This mostly works. We have three different types of descriptions/variables: - 1 part variables like ['Campus Number'] - 3 part variables like ['# Tested ', ' Reading ', ' All Students'] - 4 part variables like ['% Avg Items Correct', 'Reporting Category 4 ', ' Mathematics ', ' At-Risk Students']

That means we can use the list length to determine the order of the variable values: variable name, test subject, and student group. The fourth part reporting category is basically a modifier for the variable name so we can combine those.

By examining a single variable name, we can see that # Tested, for example, isn’t actually 122 different variables but rather a single variable with 122 permutations of test subject and student group: 61 student groups * 2 test subjects

df[df.Description.str.contains('# Tested')]

	Variable	Format_Type	Description
13	r_all_d	Numeric	# Tested -- Reading -- All Students
14	r_sexm_d	Numeric	# Tested -- Reading -- Male Students
15	r_sexf_d	Numeric	# Tested -- Reading -- Female Students
16	r_sexv_d	Numeric	# Tested -- Reading -- No Sex Info Students
17	r_ethh_d	Numeric	# Tested -- Reading -- Hispanic/Latino Students
...	...	...	...
130	m_gifn_d	Numeric	# Tested -- Mathematics -- Not Gifted/Talented Students
131	m_gifv_d	Numeric	# Tested -- Mathematics -- No Info Gifted/Talented Students
132	m_atry_d	Numeric	# Tested -- Mathematics -- At-Risk Students
133	m_atrn_d	Numeric	# Tested -- Mathematics -- Not At-Risk Students
134	m_atrv_d	Numeric	# Tested -- Mathematics -- No Info At-Risk Students

122 rows × 3 columns

Extracting the Variable Descriptors

In addition to pulling out the test subject and student group from the variable description, it will be useful to rename the columns into a common naming convention that is more human readable than the current encodings.

Example:

If we take the initial variable example r_all_d for # Tested -- Reading -- All Students and remove the subject and student group we would be left with simply d as the variable/column name.
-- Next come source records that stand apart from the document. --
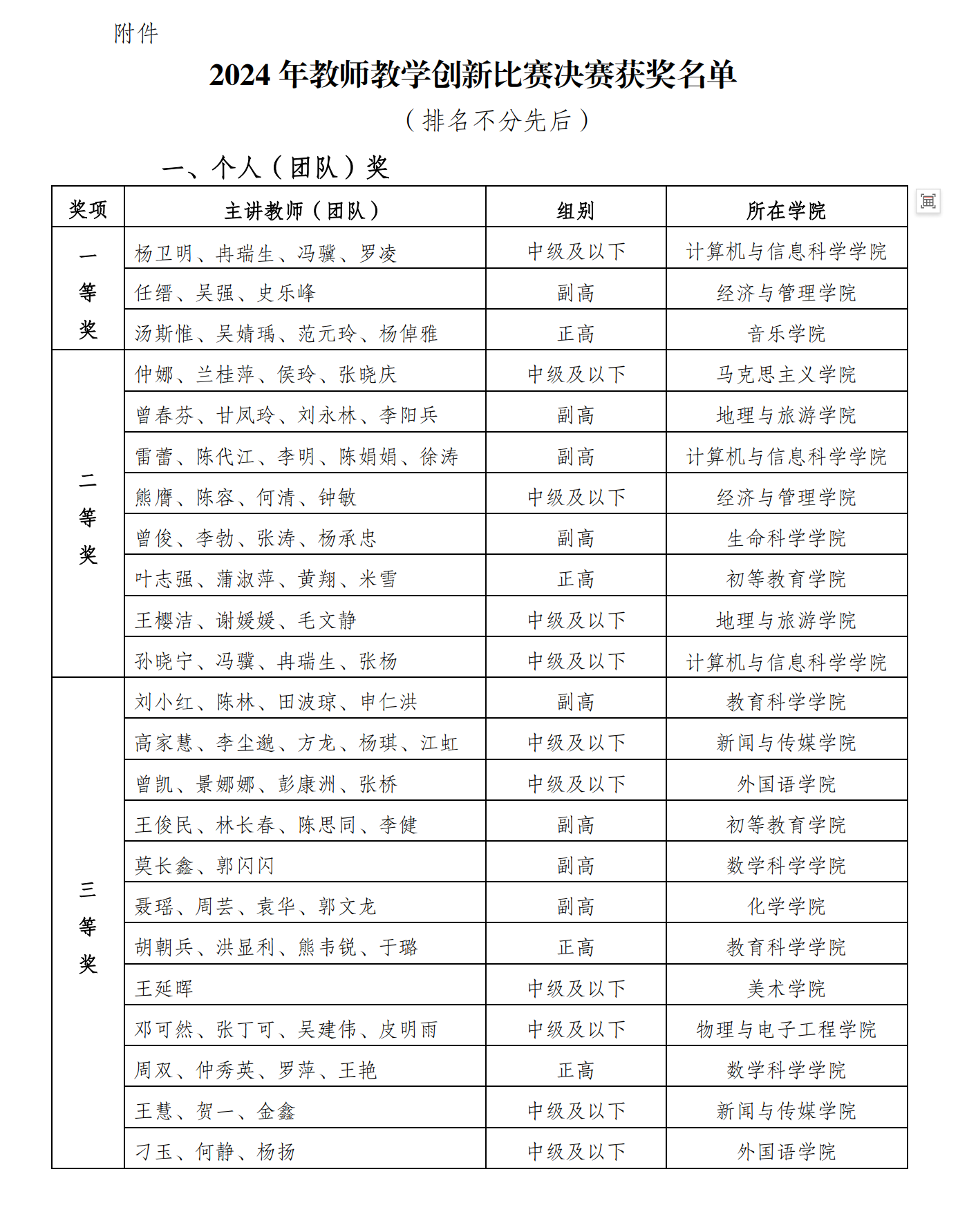 根据《关于举办重庆师范大学“师贤杯”2024年教师教学创新比赛的通知》(重师教师教育〔202427号)要求,经学院初赛选拔推荐、全校决赛比拼,评选出一等奖3名、二等奖8名、三等奖12名,优秀组织奖3个。现将结果予以公示(具体名单附后)。
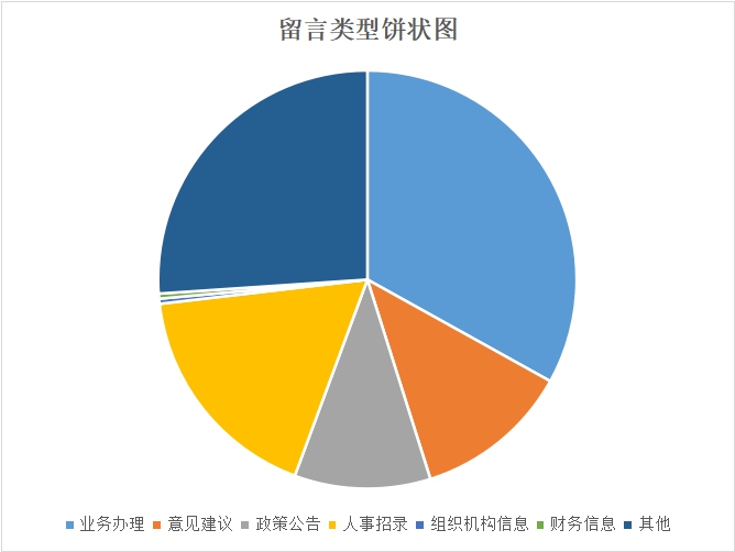 從留言類型看,涉及群眾出入境相關業(yè)務咨詢的留言最多,共計85條,占比32.20%;意見建議類留言共計31條,占比11.74%;政策公告類留言共計27條,占比為10.23%;人事招錄類留言共計45條,占比為17.05%;組織機構信息類留言共計1條,占比為0.38%;財務信息類留言共計1條,占比為0.38%;其他類留言共計67條,占比為25.38%;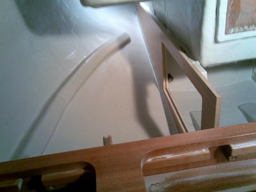 och här ser man listen som hyllan i naven kommer ligga mot. resten av listerna sitter redan i naven.  vilar även täck skotten  på den.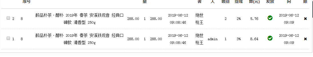 id是2的那个购买的产品,admin是一级推荐人,id是2的那个是被推荐人,被推荐人购买商品推荐人获得佣金没问题,但是那个被推荐人为什么自动成为二级分销并且在未推荐其他人的情况下直接拿了二级的佣金?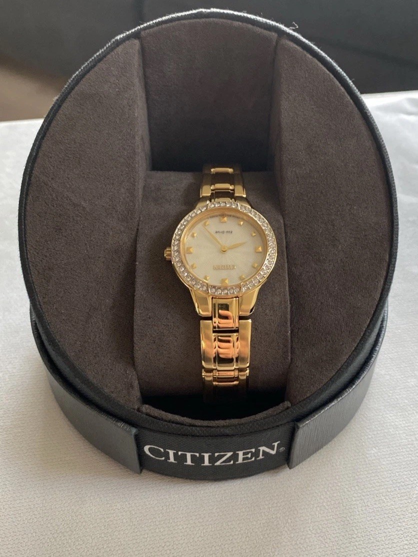 This preowned women's Citizen Eco-Drive watch features a stylish design with a gold bezel and bracelet, complementing the elegant mother of pearl dial with stick indexes. With a sleek silver case and a water resistance of 100m, this quartz movement wristwatch is perfect for everyday wear. Made in Japan, this timepiece comes with its original box and papers, making it a beautiful addition to any collection.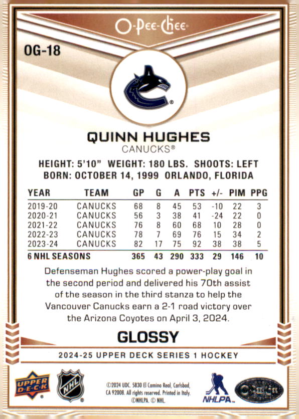 2024-25 Upper Deck O-Pee-Chee Glossy #OG18 Quinn Hughes Card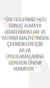 Günümüzde farklılık yaratmak, katma değeri yüksek ürünler üretmek istiyorsanız bunun yolu Ar-Ge’den geçiyor. Ancak teknolojisini veya tasarımını kendi geliştirdiğiniz ürünler sayesinde dünya pazarında etkili olabiliyor, ülkenizin ihracat potansiyeline daha fazla katkıda bulunabiliyorsunuz. Ar-Ge çalışmaları sonucu ortaya çıkan ve ürüne eklediğiniz yenilikler, ürünün fonksiyonelliğini ve performansını artırabiliyor veya enerji tüketimini azaltan bir etki gösterebiliyor. Bu durum da müşterinin veya tüketicinin ilgisini hızlı bir şekilde çekiyor ve bu ilginin üründen memnuniyete dönüşmesi durumunda, pazardaki rekabet ortamından sıyrılmak mümkün hale geliyor. Ar-Ge çalışmaları sonucu ortaya çıkmış ve performans hedeflerini tutturmuş bir ürünle pazarda çok hızlı bir şekilde en önlere geçebiliyorsunuz. Aynı zamanda Ar-Ge çalışmalarının en önemli katkılarından birisi de çalışmalar sonucu ortaya çıkan birçok verinin başka Ar-Ge çalışmalarını başlatabilme potansiyelinin olmasıdır. Ülkemizde Ar-Ge bilinci daha yeni yerleşen bir olgu. Ar-Ge çalışmalarının özelliği ilk başta kendi bütçenizden harcama yapmanız, genellikle orta ve uzun vadede geri dönüşünü alacak olmanızdır. Ülkemizdeki firmalar çok hızlı sonuç almaya odaklı ve çoğu zaman Ar-Ge çalışmalarının başlangıç maliyetine girmek istemediklerinden Ar-Ge yatırımlarına çekimser yaklaşıyor. Özellikle son 10 yılda artarak gelişen devlet Ar-Ge destekleri yatırımcıları daha cesaretlendirdi. Ülkemizde Ar-Ge konusunda bence en önemli eksiklik üniversite-sanayi işbirliğinin sağlanamamasıdır. Özel sektör çoğunlukla zorlandığı veya çözemediği so

But a better description would be # Tested or even better (to eliminate special characters that would be problematic in the database) n_tested.

Splitting the Description

To start let’s add a new column to the dataframe that has the array of descriptors. We can also remove any leading or trailing whitespace from both the variable and description to prevent mismatch issues later.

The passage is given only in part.